Four mouse groups were evaluated: 1) peritoneal sepsis alone with intratracheal instillation of saline, 2) pneumonia alone with sham laparotomy, 3) sepsis followed by pneumonia, and 4) sepsis followed by IFN-β prophylaxis followed by pneumonia (Figure 1). Despite administration of broad-spectrum antibiotics immediately after CLP, blood cultures were positive in more than half of mice, suggesting that bacteremia was present (data not shown). Sepsis or pneumonia alone resulted in minimal mortality (0% in cohort 1 or 14.8% in cohort 2, respectively), but sepsis followed 4 days later by pneumonia resulted in very high mortality (90.5% in cohort 3) (Figure 1). Antecedent sepsis did not result in detectable cellular infiltration or histological changes in lung parenchyma before lung infection (Figure 2A, upper panels). In contrast, compared with mice with pneumonia alone, mice with sepsis followed by pneumonia experienced markedly increased ALI as characterized by perivascular edema, alveolar flooding, fibrin deposition, hemorrhage, and neutrophil infiltration (Figure 2A, lower panels; Figure 2F; see also Figures E1–E4 in the data supplement), with increased concentrations of protein and albumin in BALF (Figures 2B and 2C) and a worse Lung Injury Score (Figure E5B). Antecedent sepsis resulted in higher total lung MPO activity (Figure E5A). In contrast to severe damage in lung parenchyma, other vital organ functions, such as the liver, the kidneys, and the coagulation system, were preserved because complete blood counts (Table 1) and serum chemistries (Table 2) were almost within normal range 18 hours after pneumonia onset. Taken together, these data support the notion that pneumonia in the context of antecedent sepsis results in higher mortality caused by increased ALI and ARDS.

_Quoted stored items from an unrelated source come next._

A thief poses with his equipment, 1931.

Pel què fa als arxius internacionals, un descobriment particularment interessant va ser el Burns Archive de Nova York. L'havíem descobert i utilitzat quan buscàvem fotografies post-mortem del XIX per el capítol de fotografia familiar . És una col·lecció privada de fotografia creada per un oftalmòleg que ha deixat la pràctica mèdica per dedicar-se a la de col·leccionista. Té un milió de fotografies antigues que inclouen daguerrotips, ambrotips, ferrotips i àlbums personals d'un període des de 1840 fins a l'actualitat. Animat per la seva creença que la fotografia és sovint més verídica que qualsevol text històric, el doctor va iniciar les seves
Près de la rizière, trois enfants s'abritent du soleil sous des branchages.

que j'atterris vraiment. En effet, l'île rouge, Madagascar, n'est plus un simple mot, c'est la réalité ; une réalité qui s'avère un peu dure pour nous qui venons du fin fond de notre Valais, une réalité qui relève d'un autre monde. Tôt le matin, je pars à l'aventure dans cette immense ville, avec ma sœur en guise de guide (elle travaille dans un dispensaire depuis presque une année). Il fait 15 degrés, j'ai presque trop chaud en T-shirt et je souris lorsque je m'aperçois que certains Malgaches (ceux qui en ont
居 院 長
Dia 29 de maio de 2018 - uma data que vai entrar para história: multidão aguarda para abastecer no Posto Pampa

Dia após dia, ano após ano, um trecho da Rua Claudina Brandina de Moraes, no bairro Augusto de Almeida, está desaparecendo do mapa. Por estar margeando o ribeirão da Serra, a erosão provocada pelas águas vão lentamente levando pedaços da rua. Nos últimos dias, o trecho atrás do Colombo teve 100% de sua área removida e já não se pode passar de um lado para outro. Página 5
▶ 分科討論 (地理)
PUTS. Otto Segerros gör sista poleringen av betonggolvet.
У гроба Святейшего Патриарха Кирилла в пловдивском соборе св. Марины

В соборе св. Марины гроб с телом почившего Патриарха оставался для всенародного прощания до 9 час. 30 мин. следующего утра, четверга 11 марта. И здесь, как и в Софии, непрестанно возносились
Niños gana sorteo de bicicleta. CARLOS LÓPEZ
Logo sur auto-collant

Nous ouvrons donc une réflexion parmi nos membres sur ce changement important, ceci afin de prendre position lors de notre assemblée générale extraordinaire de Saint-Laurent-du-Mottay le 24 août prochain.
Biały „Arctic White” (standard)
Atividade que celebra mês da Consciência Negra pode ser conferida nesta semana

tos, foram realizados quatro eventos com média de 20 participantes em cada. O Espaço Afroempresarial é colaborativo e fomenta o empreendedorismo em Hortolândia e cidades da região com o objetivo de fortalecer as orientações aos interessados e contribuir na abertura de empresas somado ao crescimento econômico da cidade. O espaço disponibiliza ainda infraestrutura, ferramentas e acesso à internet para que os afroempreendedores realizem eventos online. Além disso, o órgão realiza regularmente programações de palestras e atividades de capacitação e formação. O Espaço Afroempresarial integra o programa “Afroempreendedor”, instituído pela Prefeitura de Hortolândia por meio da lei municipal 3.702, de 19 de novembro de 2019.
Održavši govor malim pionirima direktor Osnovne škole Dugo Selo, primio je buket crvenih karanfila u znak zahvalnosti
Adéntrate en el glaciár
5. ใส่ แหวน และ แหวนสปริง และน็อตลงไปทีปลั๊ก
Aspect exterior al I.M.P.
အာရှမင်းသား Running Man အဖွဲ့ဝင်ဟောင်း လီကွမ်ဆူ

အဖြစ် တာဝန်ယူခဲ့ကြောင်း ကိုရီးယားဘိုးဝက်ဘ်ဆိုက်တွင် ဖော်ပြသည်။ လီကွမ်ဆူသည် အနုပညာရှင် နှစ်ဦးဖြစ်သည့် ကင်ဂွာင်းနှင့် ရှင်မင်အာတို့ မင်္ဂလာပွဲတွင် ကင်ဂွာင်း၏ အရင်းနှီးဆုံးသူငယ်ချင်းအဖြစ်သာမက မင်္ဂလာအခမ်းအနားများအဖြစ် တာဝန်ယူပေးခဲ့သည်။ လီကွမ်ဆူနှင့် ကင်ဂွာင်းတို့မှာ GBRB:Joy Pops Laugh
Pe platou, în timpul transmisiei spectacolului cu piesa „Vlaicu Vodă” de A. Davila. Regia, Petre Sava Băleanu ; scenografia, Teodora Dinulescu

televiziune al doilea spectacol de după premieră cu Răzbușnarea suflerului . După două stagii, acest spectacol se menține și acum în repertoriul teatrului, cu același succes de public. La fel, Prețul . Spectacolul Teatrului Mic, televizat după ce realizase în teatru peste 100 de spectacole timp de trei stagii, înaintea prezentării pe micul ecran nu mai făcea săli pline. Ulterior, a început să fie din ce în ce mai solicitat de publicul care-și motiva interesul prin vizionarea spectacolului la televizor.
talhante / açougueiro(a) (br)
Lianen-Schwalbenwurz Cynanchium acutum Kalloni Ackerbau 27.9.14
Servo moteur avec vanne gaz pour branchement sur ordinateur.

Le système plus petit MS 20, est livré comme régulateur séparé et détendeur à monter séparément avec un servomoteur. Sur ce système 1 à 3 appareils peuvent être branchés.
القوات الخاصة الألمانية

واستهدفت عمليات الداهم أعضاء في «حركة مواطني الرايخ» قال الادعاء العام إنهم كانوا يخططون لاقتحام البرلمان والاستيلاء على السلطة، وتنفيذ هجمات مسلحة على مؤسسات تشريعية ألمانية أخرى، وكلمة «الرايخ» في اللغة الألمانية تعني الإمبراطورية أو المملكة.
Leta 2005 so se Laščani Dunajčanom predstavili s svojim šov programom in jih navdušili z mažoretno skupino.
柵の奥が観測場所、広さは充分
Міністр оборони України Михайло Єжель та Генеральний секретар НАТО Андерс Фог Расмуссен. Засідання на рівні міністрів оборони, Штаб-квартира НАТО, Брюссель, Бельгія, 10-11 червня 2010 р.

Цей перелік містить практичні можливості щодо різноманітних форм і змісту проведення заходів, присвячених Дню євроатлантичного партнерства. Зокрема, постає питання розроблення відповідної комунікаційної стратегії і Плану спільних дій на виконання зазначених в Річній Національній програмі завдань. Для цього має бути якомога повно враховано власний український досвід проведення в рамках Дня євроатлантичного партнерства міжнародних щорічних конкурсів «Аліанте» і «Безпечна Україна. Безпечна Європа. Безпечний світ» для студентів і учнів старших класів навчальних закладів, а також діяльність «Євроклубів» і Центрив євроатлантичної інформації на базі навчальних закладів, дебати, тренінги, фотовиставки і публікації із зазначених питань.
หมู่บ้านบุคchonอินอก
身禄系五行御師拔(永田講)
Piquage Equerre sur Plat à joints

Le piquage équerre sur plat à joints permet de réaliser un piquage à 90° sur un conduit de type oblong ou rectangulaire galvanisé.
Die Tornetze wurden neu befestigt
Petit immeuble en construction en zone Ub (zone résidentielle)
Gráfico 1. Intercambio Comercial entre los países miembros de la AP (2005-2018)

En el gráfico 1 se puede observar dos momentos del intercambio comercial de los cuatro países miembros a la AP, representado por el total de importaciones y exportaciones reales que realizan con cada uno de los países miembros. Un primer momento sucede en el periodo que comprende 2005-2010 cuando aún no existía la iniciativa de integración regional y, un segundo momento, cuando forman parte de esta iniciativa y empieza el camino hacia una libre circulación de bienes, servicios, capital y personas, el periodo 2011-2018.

Figure 1. — Reproduction of sepsis-related acute respiratory distress syndrome and the therapeutic effects of IFN-β in mice. Sepsis was induced by cecal ligation and puncture (CLP) and pneumonia by transtracheal instillation of *Pseudomonas aeruginosa* (4.5 × 10⁶ colony-forming unit [cfu]). Mice in cohort 1 (n = 8) underwent CLP and tracheal instillation of saline. Mice in cohort 2 (n = 27) underwent sham laparotomies instead of CLP followed by tracheal instillation of *P. aeruginosa*. Mice in cohort 3 (n = 21) underwent CLP followed by tracheal instillation of *P. aeruginosa*, and mice in cohort 4 (n = 22) underwent CLP followed by tracheal instillation of *P. aeruginosa* with systemic IFN-β prophylaxis. All mice received broad-spectrum antibiotics by subcutaneous injection within 1 hour of CLP or sham surgery. Saline (cohort 3; n = 21) and IFN-β (cohort 4; n = 22) were administered subcutaneously (volume, 200 μl). The panel shows Kaplan-Meier analysis of four cohorts of mice. On Day 7, survival in cohort 3 (9.5%) was dramatically lower than that in cohort 1 (100%) or cohort 2 (85.2%) (log-rank test, P < 0.0001). Compared with cohort 3, IFN-β–treated mouse survival (cohort 4) was improved markedly (40.9%) (log-rank test, P = 0.034). Data represent the combined results of three separate survival experiments, each with similar results. ATB = antibiotics.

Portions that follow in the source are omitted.